What if our sample was multivariate instead, denoted \(X_1,\ldots,X_n \in \mathbb{R}^d\)? In the simplest form, kernel density estimator can be defined naturally as \[ \widehat{f}(\mathbf{x}) = \frac{1}{n h^d} \sum_{i=1}^n K\left( \frac{X_{i,1} - x_1}{h} \right) \cdot \ldots \cdot K\left( \frac{X_{i,d} - x_d}{h} \right)\] In some cases, we might wish for
but the above formula is the simplest generalization of KDE to multiple dimensions. Interestingly, if we do require a separable kernel, the only radially symmetric option is the Gaussian kernel (because of such nice properties, the Gaussian kernel is often the default choice).
It is possible to show that the optimal rate for MSE of KDE in \(d\) dimensions is \(\mathcal{O}(n^{-4/(4+d)})\), so we loose convergence speed fast with increasing dimensions.
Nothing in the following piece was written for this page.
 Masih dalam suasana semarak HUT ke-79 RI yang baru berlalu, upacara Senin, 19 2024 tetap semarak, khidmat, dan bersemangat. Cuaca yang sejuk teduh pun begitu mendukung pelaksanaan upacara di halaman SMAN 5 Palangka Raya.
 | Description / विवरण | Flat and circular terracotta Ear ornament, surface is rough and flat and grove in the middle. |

To appreciate this, we visualize the rate for several values of \(d\):
Notice the gray horizontal line showing that, in terms of this asymptotic rate, \(n\approx 300\) with \(d=1\) leads to approximately the same error as \(n=30000\) with \(d=5\). This is a manifestation of the infamous curse of dimensionality. For this reason, KDE is usually restricted to dimensions \(d=1\) or \(d=2\) (beyond these, one usually assumes independence between the dimensions, estimates marginals separately using the ideas here, and then stitch the dimensions together using copulas for example).
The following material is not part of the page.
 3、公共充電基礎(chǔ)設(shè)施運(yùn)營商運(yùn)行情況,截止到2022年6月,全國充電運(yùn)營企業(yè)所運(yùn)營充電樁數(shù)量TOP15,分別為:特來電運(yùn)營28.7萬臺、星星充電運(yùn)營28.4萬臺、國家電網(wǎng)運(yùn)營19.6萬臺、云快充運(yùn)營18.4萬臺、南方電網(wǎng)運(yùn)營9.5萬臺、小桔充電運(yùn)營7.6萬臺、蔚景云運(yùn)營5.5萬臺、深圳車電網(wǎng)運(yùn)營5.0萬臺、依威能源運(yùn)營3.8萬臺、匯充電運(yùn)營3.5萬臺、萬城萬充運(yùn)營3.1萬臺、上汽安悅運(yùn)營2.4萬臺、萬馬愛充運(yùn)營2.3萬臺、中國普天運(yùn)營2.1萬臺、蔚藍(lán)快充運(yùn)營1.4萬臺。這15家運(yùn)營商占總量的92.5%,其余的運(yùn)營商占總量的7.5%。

Say we have \(n\) observations (\(X_1,\ldots,X_n)\) and \(m\) points on which we want to evaluate the estimator (\(x_1,\ldots,x_m\)). For a fixed bandwidth \(h\), calculating the estimator \[ \widehat{f}(x_j) = \frac{1}{n h} \sum_{i=1}^n K\left( \frac{X_i - x_j}{h} \right)\] for every \(j=1,\ldots,m\), i.e. for all the evaluation points, takes \(\mathcal{O}(mn)\) operations. Say that \(m\) and \(n\) are comparable, then the complexity is quadratic: \(\mathcal{O}(n^2)\). While this may not seem bad (for comparison, solving a system of \(n\) equations \(\mathbf{A} \mathbf{x} = \mathbf{b}\) without any special structure on the left-hand matrix \(\mathbf{A}\) takes \(\mathcal{O}(n^3)\) operations), it may get bad pretty fast in higher dimensions (everything naturally translates there). Here we discuss how to reduce the quadratic complexity to log-linear one, i.e. how to calculate the estimator in \(\mathcal{O}(n \log n)\) operations.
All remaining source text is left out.